Verified answer

By the definition of the derivative, this limit equals f'(4) when f(x) = 4/x^2. f(x)'s derivative, which can be easily calculated, exists at x = 4, so f(x) is differentiable at x = 4 and f'(4) exists, meaning that the limit exists.

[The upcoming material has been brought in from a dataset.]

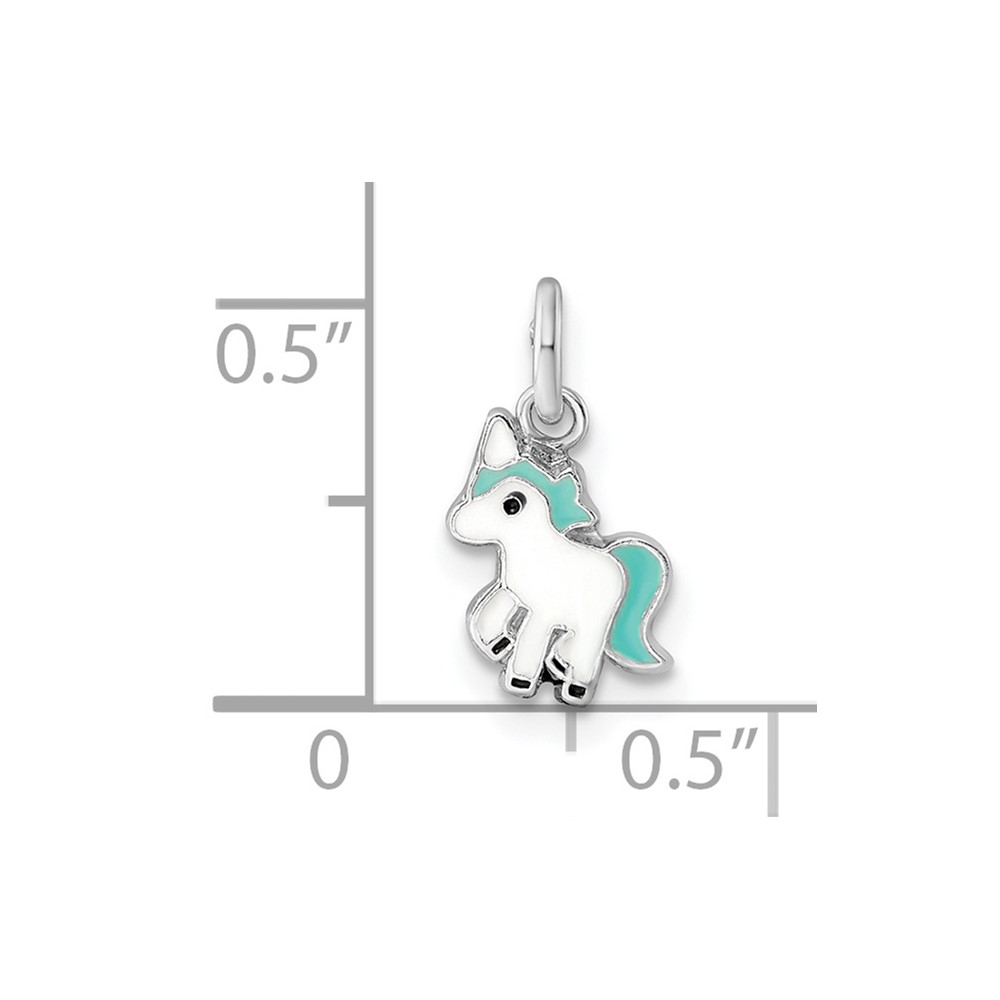 Sterling Silver Rhodium-plated Blue, White & Black Enameled Unicorn Children’s Pendant

Alternatively, we can compute the limit algebraically by first reducing 4/16 to 1/4 to get:

lim (h-->0) [4/(4 + h)^2 - 4/16]/h = lim (h-->0) [4/(4 + h)^2 - 1/4]/h,

and then since the LCD of the fractions in the numerator is 4(4 + h)^2, multiplying the numerator and denominator of the main fraction by 4(4 + h)^2 will clear the fractions in numerator. Doing this gives:

lim (h-->0) [4/(4 + h)^2 - 4/16]/h = lim (h-->0) [4/(4 + h)^2 - 1/4]/h

= lim (h-->0) [4(4) - (4 + h)^2]/[4h(4 + h)^2]

= lim (h-->0) [16 - (h^2 + 8h + 16)]/[4h(4 + h)^2], by expanding the numerator

= -1/4 * lim (h-->0) (h^2 + 8h)/[h(4 + h)^2], by pulling out -1/4

= -1/4 * lim (h-->0) [h(h + 8)]/[h(4 + h)^2], by factoring the numerator

= -1/4 * lim (h-->0) (h + 8)/(4 + h)^2, by canceling the conflicting h factor

= (-1/4)(8/4^2), by evaluating the result at h = 0

= -1/8.

Thus, the limit exists and equals -1/8.